- [ACTIVITY]: Please copy exactly the part of the records below that opens with the line containing "CrudeOIL, H1: Crude" and closes with the line containing "to any space.", leaving out any pictures.

- [AVAILABLE RECORDS]:
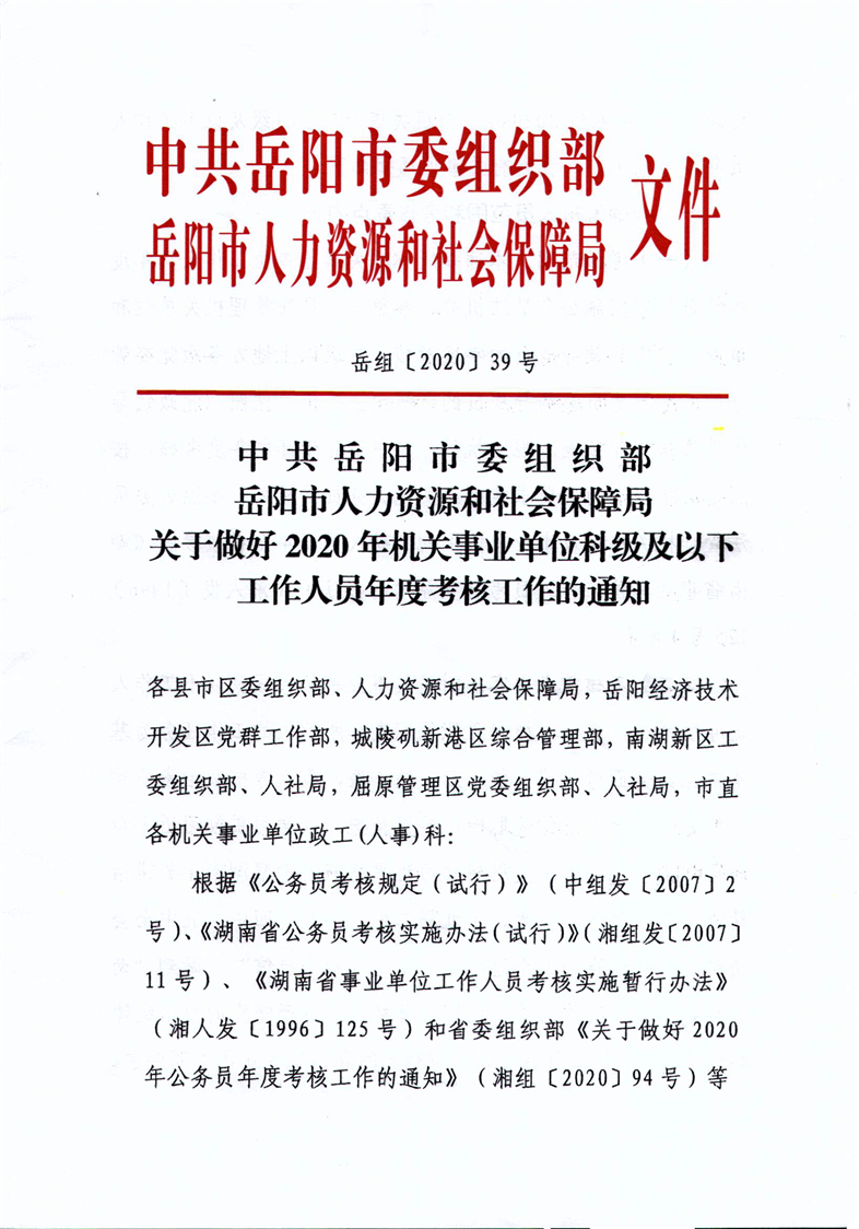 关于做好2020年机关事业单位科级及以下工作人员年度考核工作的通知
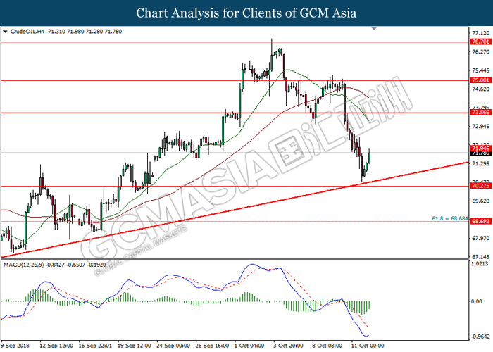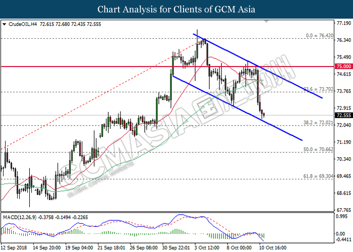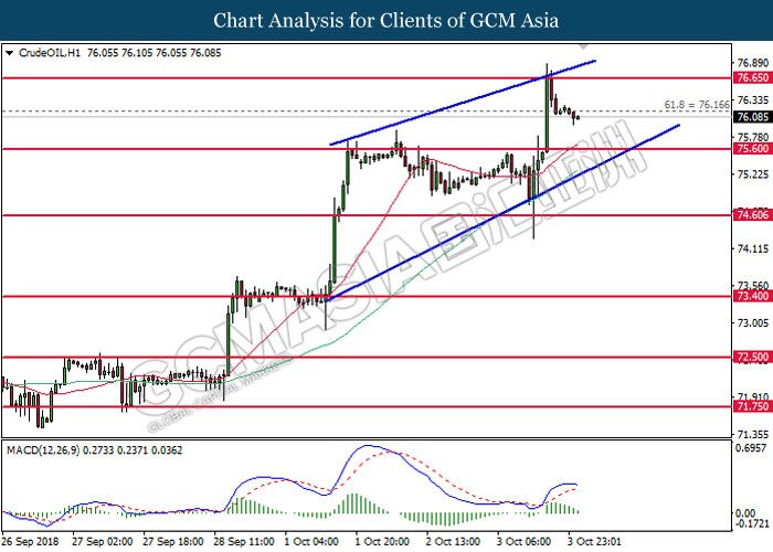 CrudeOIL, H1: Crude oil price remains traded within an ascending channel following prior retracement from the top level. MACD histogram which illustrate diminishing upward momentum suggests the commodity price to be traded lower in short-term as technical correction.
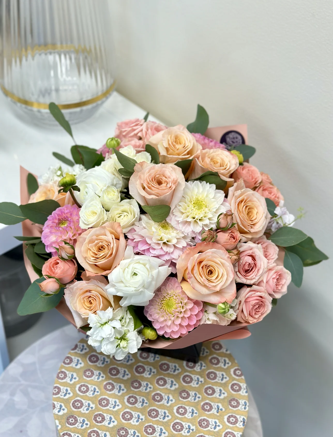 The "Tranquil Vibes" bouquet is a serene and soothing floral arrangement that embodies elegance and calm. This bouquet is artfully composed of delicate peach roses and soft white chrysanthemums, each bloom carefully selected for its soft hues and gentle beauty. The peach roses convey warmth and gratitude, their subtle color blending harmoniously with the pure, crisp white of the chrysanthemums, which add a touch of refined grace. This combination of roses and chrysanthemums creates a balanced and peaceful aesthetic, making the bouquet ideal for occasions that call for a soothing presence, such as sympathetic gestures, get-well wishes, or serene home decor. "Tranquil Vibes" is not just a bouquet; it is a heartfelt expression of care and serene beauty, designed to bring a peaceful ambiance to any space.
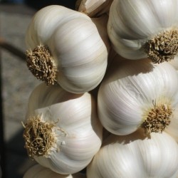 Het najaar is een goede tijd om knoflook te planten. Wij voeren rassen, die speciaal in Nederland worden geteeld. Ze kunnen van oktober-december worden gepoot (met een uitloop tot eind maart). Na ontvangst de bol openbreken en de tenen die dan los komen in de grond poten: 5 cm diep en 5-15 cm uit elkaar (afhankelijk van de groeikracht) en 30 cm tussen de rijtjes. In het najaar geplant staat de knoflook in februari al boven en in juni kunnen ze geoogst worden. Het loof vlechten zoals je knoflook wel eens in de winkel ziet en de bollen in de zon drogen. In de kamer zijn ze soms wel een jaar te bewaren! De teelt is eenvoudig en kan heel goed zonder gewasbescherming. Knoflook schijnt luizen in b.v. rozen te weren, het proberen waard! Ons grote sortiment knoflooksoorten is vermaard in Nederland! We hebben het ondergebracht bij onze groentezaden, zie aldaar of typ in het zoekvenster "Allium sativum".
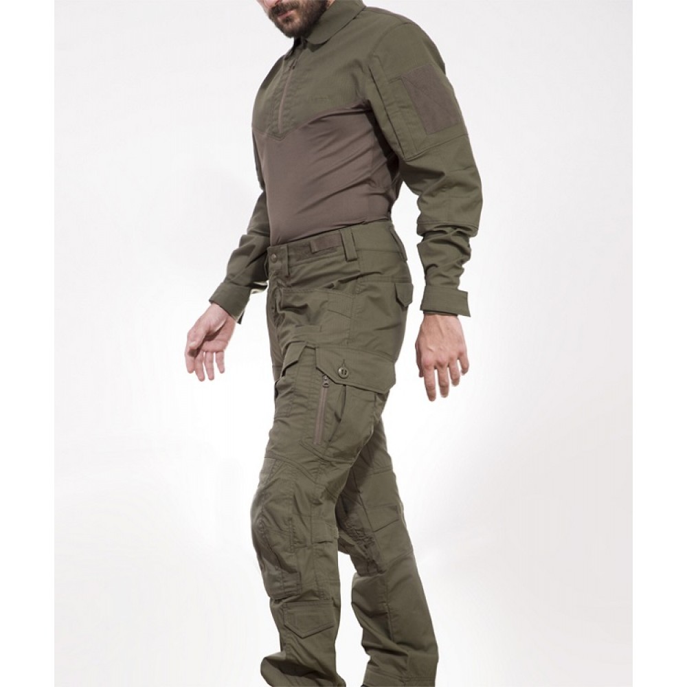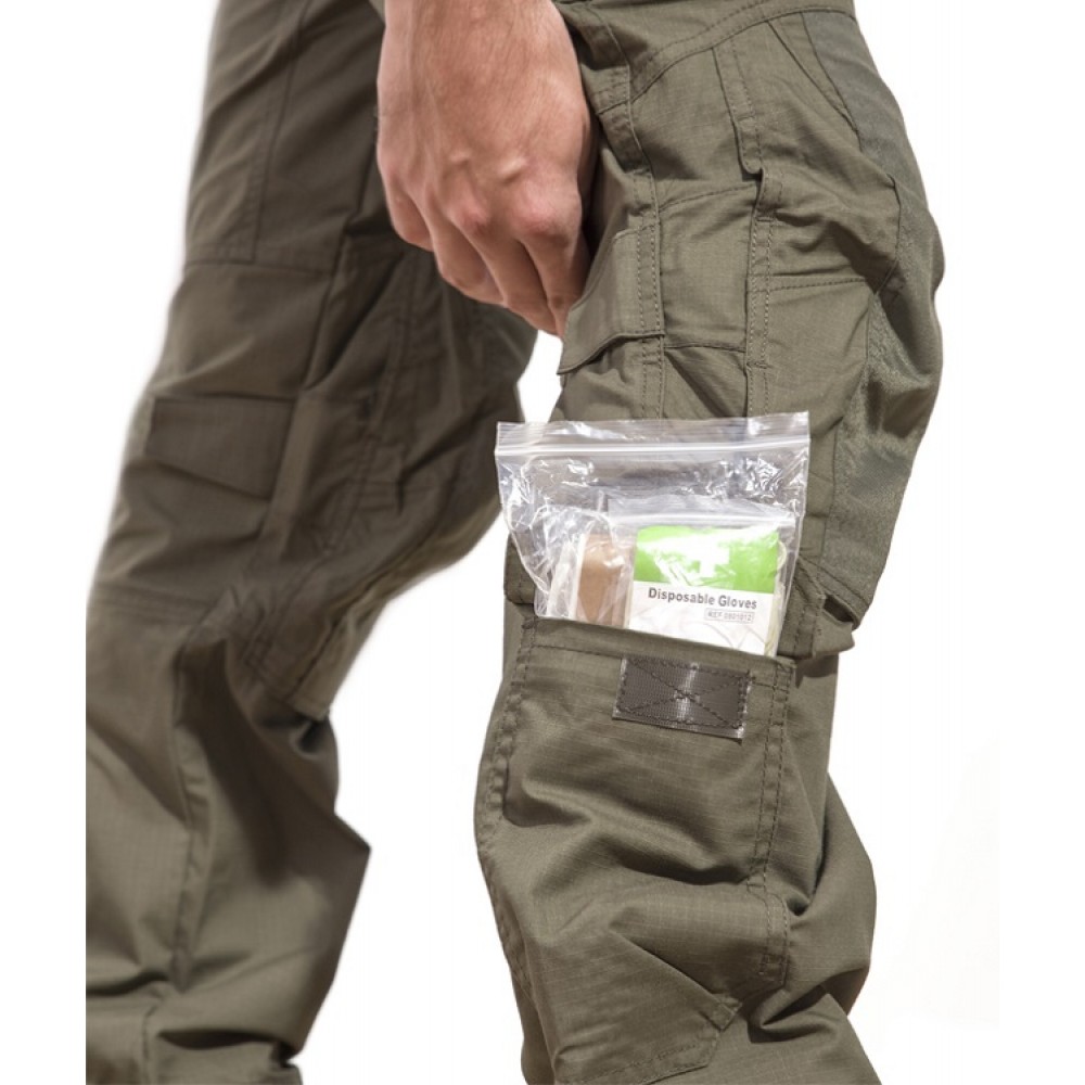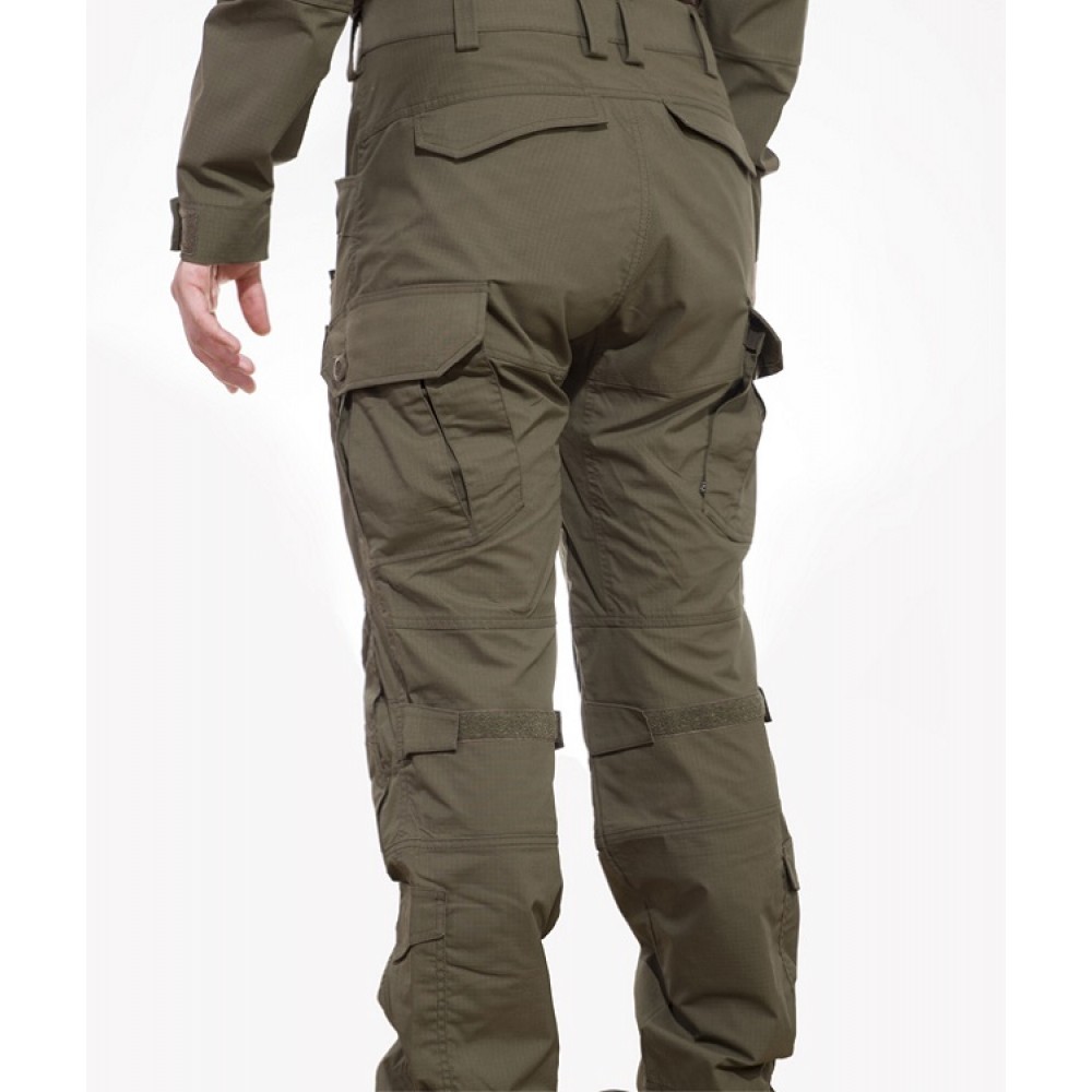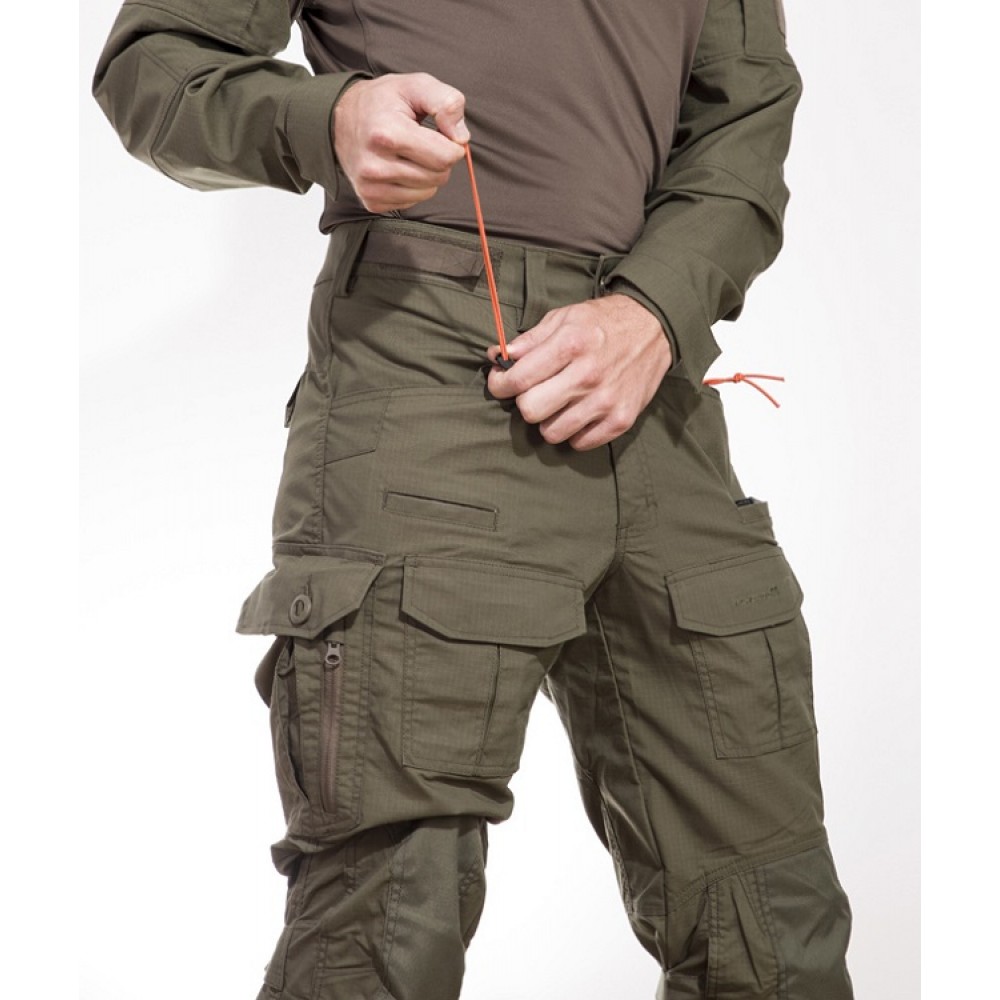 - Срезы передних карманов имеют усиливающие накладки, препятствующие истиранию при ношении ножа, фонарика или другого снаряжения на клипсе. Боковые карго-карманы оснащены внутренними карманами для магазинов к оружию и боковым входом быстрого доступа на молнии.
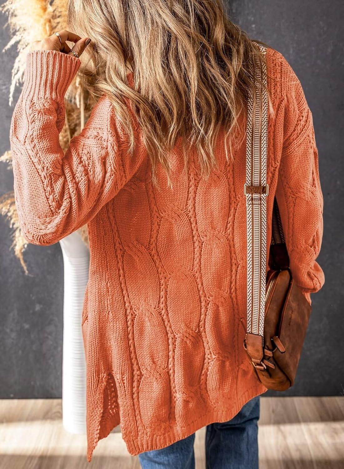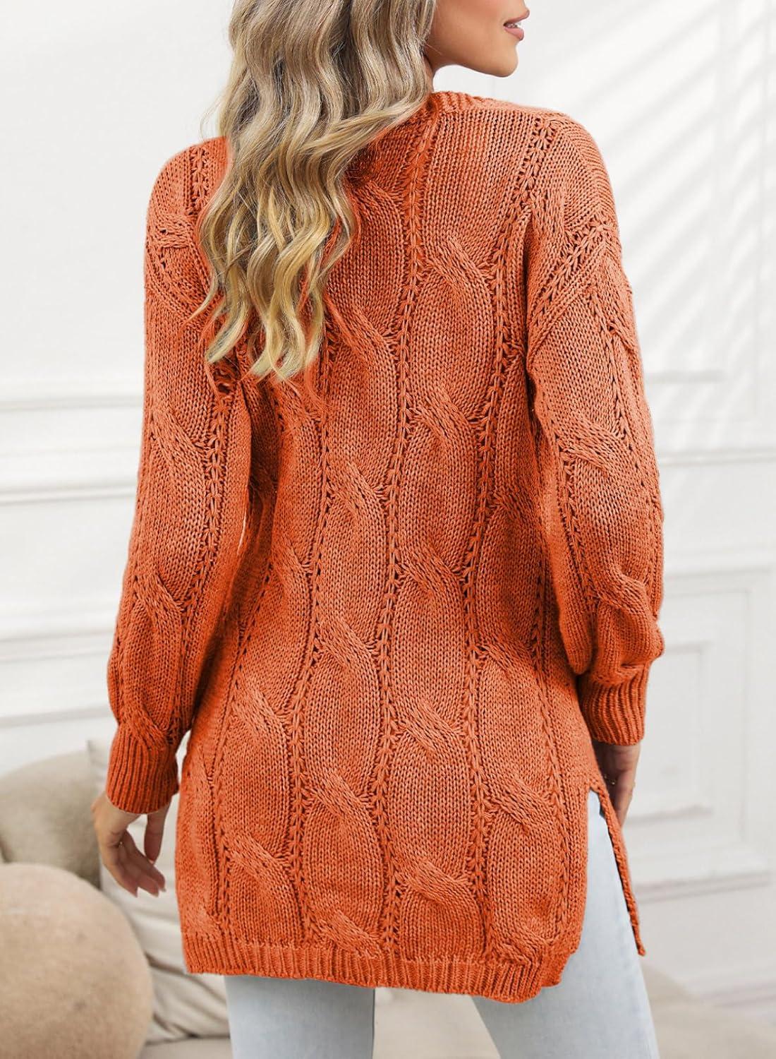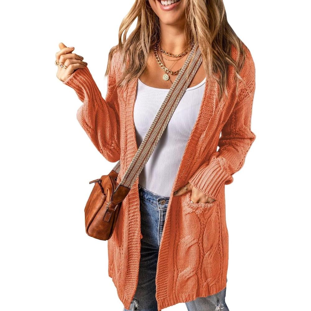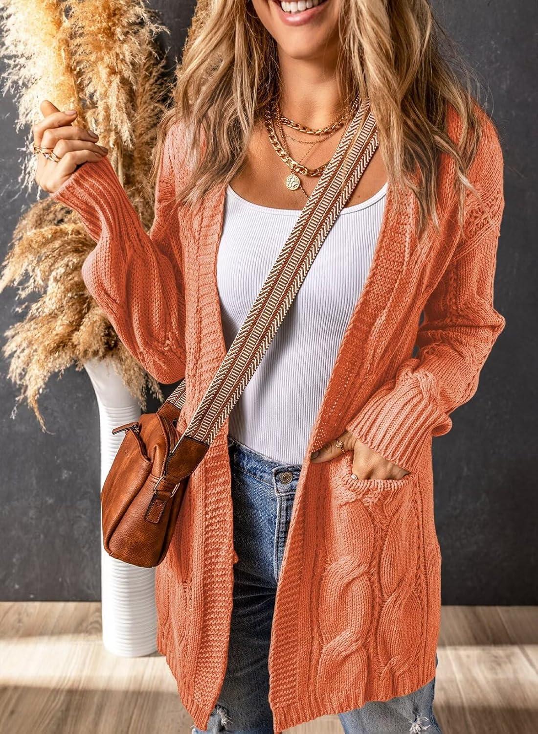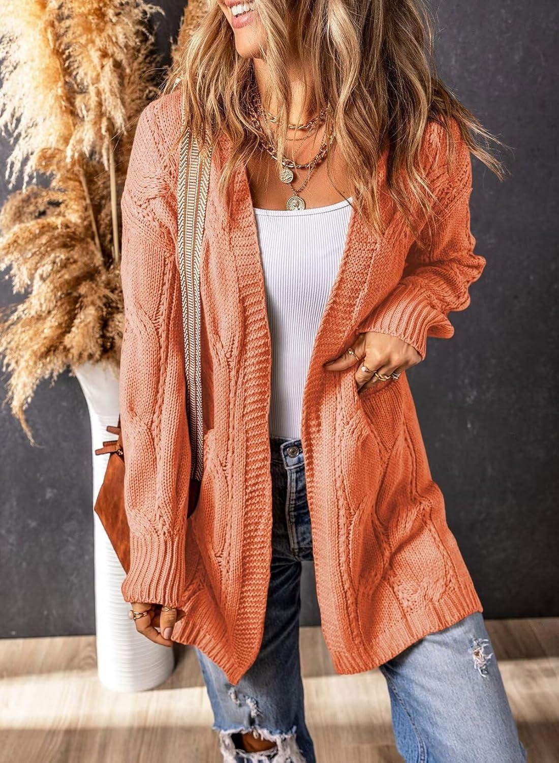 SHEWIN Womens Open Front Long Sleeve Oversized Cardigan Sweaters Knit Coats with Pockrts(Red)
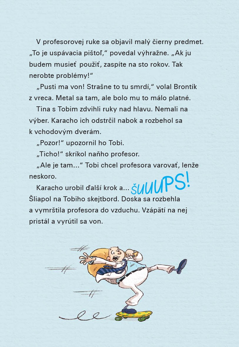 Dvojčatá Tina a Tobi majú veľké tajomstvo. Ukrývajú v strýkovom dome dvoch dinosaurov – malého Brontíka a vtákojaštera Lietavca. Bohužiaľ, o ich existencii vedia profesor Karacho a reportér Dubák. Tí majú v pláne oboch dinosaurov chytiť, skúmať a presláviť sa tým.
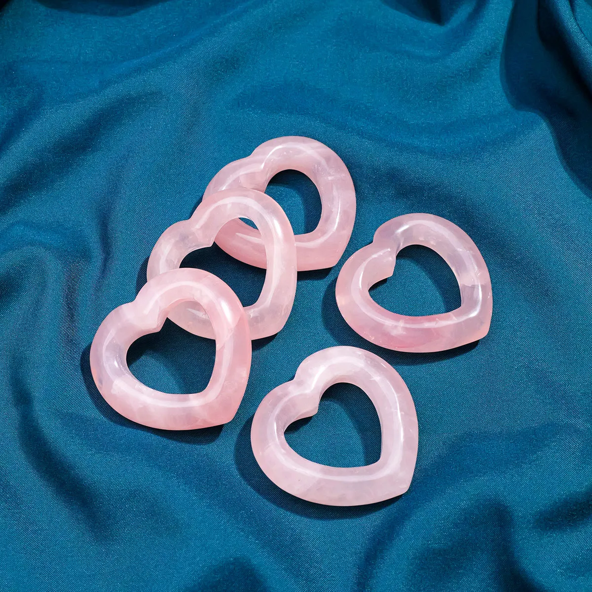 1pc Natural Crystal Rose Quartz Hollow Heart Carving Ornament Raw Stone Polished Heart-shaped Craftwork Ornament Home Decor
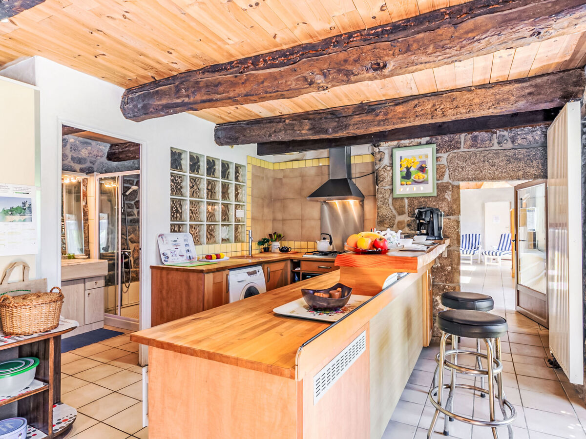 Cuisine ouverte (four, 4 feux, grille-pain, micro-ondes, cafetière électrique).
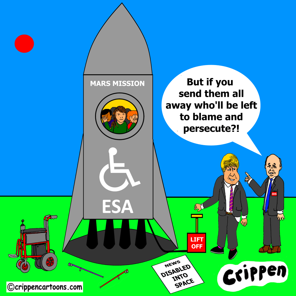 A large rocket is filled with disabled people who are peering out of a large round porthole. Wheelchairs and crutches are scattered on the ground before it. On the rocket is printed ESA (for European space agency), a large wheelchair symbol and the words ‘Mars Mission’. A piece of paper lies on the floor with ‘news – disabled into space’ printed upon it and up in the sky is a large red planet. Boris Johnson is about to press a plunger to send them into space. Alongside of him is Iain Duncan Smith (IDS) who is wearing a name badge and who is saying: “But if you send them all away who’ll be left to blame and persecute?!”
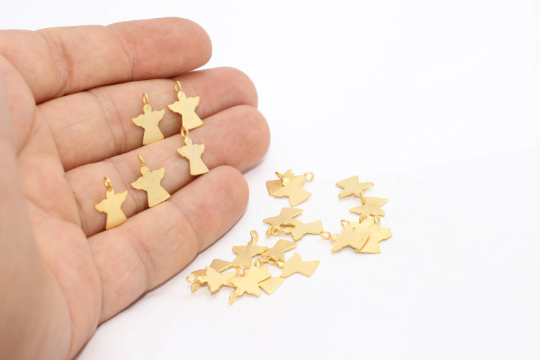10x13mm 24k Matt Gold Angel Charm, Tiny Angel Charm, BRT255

- [RESULT OF THIS TASK]:
 CrudeOIL, H1: Crude oil price remains traded within an ascending channel following prior retracement from the top level. MACD histogram which illustrate diminishing upward momentum suggests the commodity price to be traded lower in short-term as technical correction.
 The "Tranquil Vibes" bouquet is a serene and soothing floral arrangement that embodies elegance and calm. This bouquet is artfully composed of delicate peach roses and soft white chrysanthemums, each bloom carefully selected for its soft hues and gentle beauty. The peach roses convey warmth and gratitude, their subtle color blending harmoniously with the pure, crisp white of the chrysanthemums, which add a touch of refined grace. This combination of roses and chrysanthemums creates a balanced and peaceful aesthetic, making the bouquet ideal for occasions that call for a soothing presence, such as sympathetic gestures, get-well wishes, or serene home decor. "Tranquil Vibes" is not just a bouquet; it is a heartfelt expression of care and serene beauty, designed to bring a peaceful ambiance to any space.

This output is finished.